- Born: 29 April 1951 Saint Kitts and Nevis
- Origin: Coventry, England
- Died: 11 June 2024 (aged 73) Coventry, England
- Genres: ska
- Instrument: Vocals
- Years active: 1979–2024
- Formerly of: The Selecter

= Gaps Hendrickson =

Arthur "Gaps" Hendrickson (29 April 1951 – 11 June 2024) was a Saint Kitts and Nevis-born British singer. He was best known for being an original member of The Selecter.

== Early life ==
Hendrickson was born in Saint Kitts and Nevis, the eldest of eight children. His parents moved to the United Kingdom when he was a child, and he was raised by his grandmother, an ice cream seller, who took him to a cane field an hour before school to cut cane. When he was twelve, he and one of his brothers was sent up by their parents to move to the UK, where their father was working for Vauxhall Motors in Luton, where Gaps eventually worked at as well. Due to a mix-up, no-one was there at the harbour to meet up with the two.

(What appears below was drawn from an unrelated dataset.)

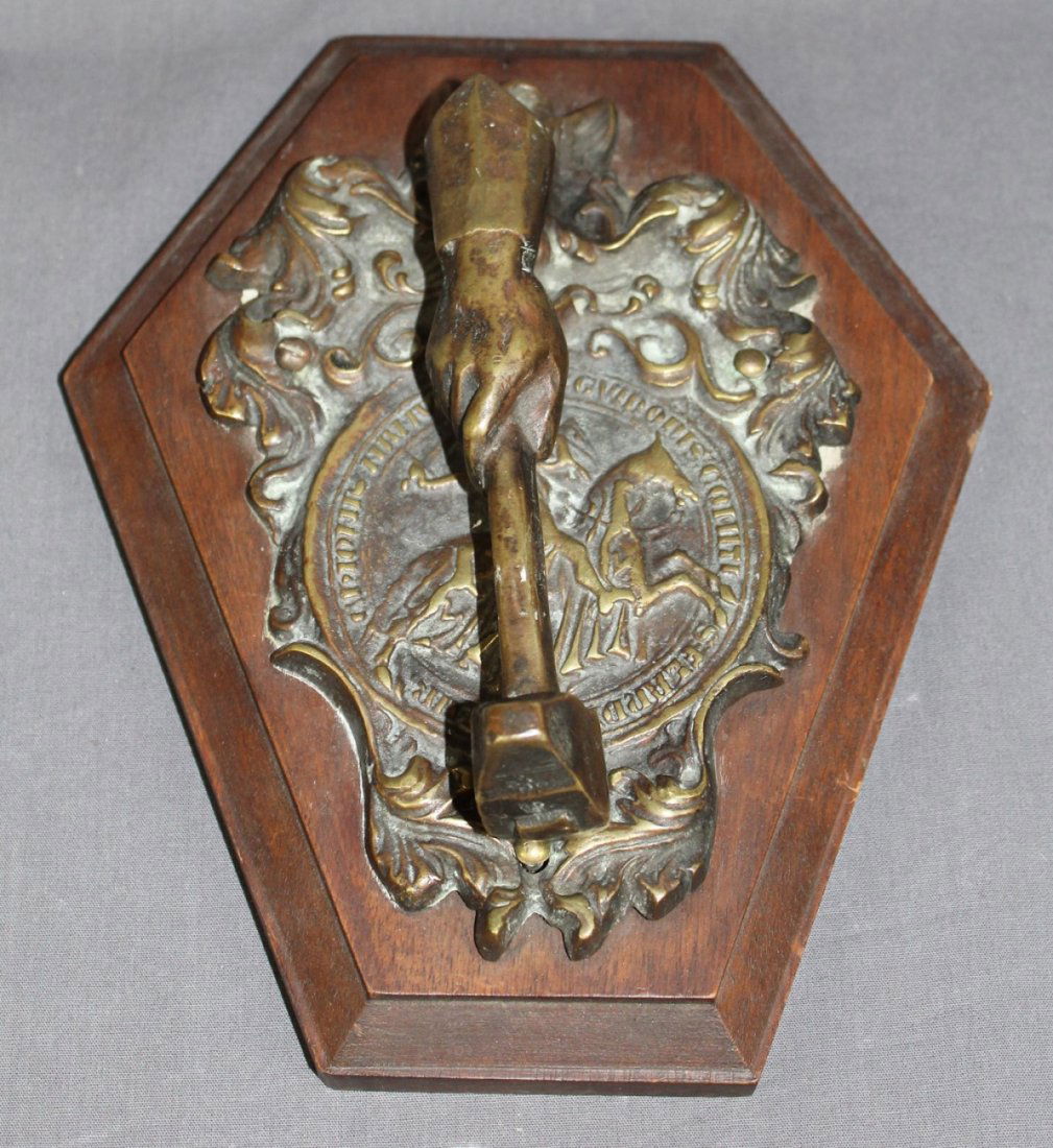 SoldFrench polished bronze door knockerFrench polished bronze door knocker mounted on board. 7"h (door knocker measurement only).See Sold Price

After arriving in Southampton, Hendrickson attended Beech Hill High School, and during his teenage years, he would travel to Coventry to expierence the city. Hendrickson was given the nickname "Gaps/Gappa" by his friends to "deflect police harassment", with him saying: "We would be coming home from a blues [party] and they would pick us up and take us to the police station, we gave each other a nickname like ‘Mule’ and ‘Sugar’, and mine was ‘Gappa’."

== Career ==
While visiting Coventry, he witnessed Desmond Brown and Lynval Golding performing in a band called Cool Interrogators, and according to Hendrickson: "I had a serious talk with myself: Is this what you want to do for the rest of your life, go to bed, get up and go to work?" He then announced to his family that he would be moving to Coventry to work in bands, and after his family replied with "See you in six weeks when your money runs out.", Gaps replied "The next time you see me I’ll be on television."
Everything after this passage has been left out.